Mnemonic | Side Effect | Explanation |
---|---|---|
GLU | Glaucoma | ↓ Prostaglandin → ↑ IOP |
GLU | Hyperglycemia | ↑ Insulin resistance |
OOO | Osteoporosis | ↓ Osteoblasts, ↑ Osteoclasts |
CORT | Cataracts | Posterior subcapsular |
IN | Infections | Immunosuppression |
WONDERLAND | Wound healing ↓ | ↓ Collagen & fibroblast function |
ER | Edema, HTN | Na⁺/water retention via mineralocorticoid effect |
These effects are particularly dangerous in chronic use (e.g. in lupus, asthma, rheumatoid arthritis).

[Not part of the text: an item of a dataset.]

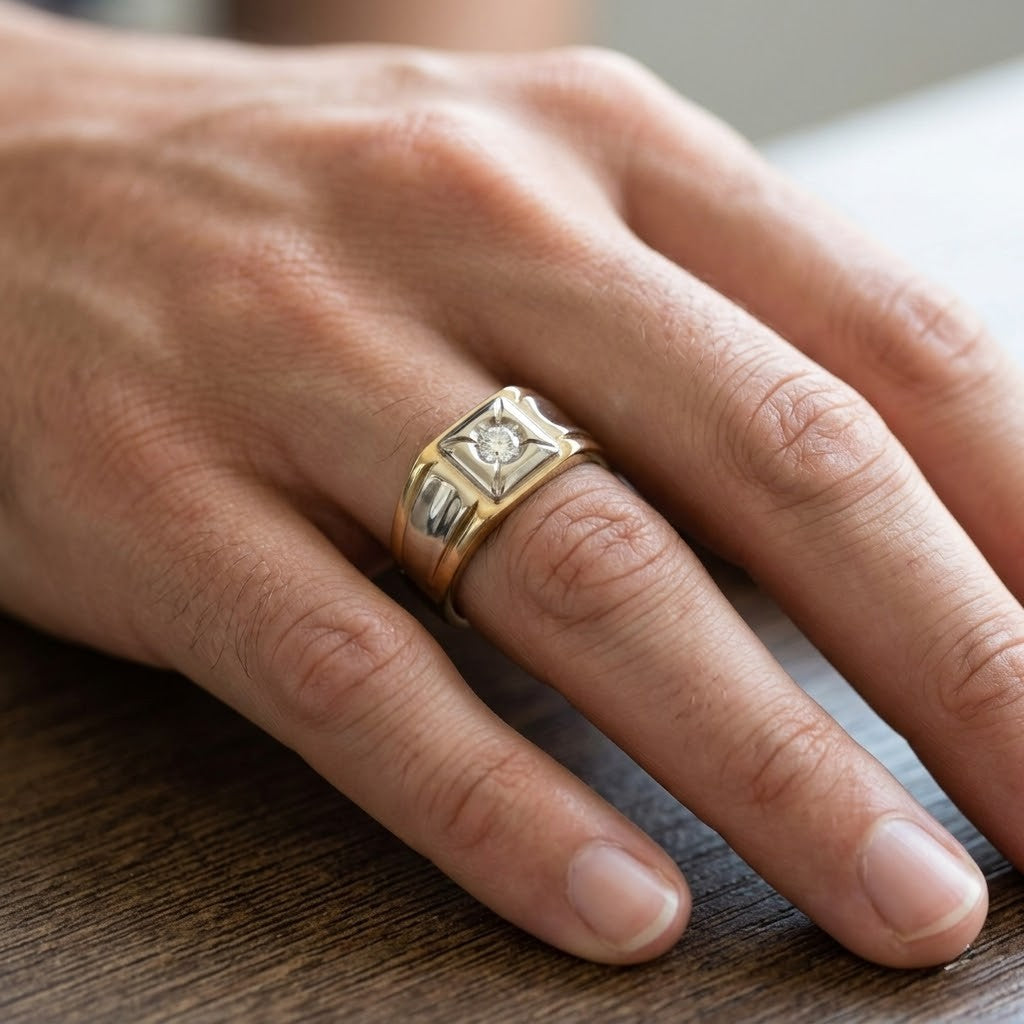 Anello in Oro giallo , Oro Bianco 18 carati con n 1 Diamante 0.25 Ct

🧪 Azathioprine & Mycophenolate: Targeting DNA Synthesis
Two other key immunosuppressants—Azathioprine and Mycophenolate Mofetil—target purine nucleotide synthesis, inhibiting DNA replication in immune cells.
🧬 Mechanism:
- Azathioprine → converted to 6-Mercaptopurine → inhibits PRPP amidotransferase
- Mycophenolate → inhibits IMP dehydrogenase
🧬 Both halt de novo purine synthesis, impairing rapidly dividing immune cells.
☢️ Side Effects:
- Pancytopenia (↓ RBCs, WBCs, platelets)
- GI Upset
- Mycophenolate → ↑ risk of CMV infection
- Azathioprine → interacts with Allopurinol (via xanthine oxidase inhibition)
💊 Quick Comparison Table
Drug | Target | Unique Features | Major Toxicities |
---|---|---|---|
Glucocorticoids | NF-κB, PLA2 | Broad anti-inflammatory | Cushingoid signs, infections, hyperglycemia |
Cyclosporine | Calcineurin | Binds Cyclophilin | Nephrotoxicity, hirsutism |
Tacrolimus | Calcineurin | Binds FKBP | Neurotoxicity, diabetes |
Sirolimus | mTOR | Blocks IL-2 response | Pancytopenia, hyperlipidemia |
Basiliximab | IL-2R (CD25) | Monoclonal antibody | Edema, HTN |
Azathioprine | PRPP amidotransferase | TPMT-dependent | Pancytopenia, hepatotoxicity |
Mycophenolate | IMPDH | Inhibits GMP production | CMV infection, diarrhea |
🧠 Clinical Relevance
Whether you’re treating autoimmune conditions, preventing organ rejection, or managing inflammatory flares — immunosuppressants are indispensable. But with power comes responsibility. Proper monitoring, drug interactions (especially with allopurinol or live vaccines), and dosing schedules are essential to ensure patient safety.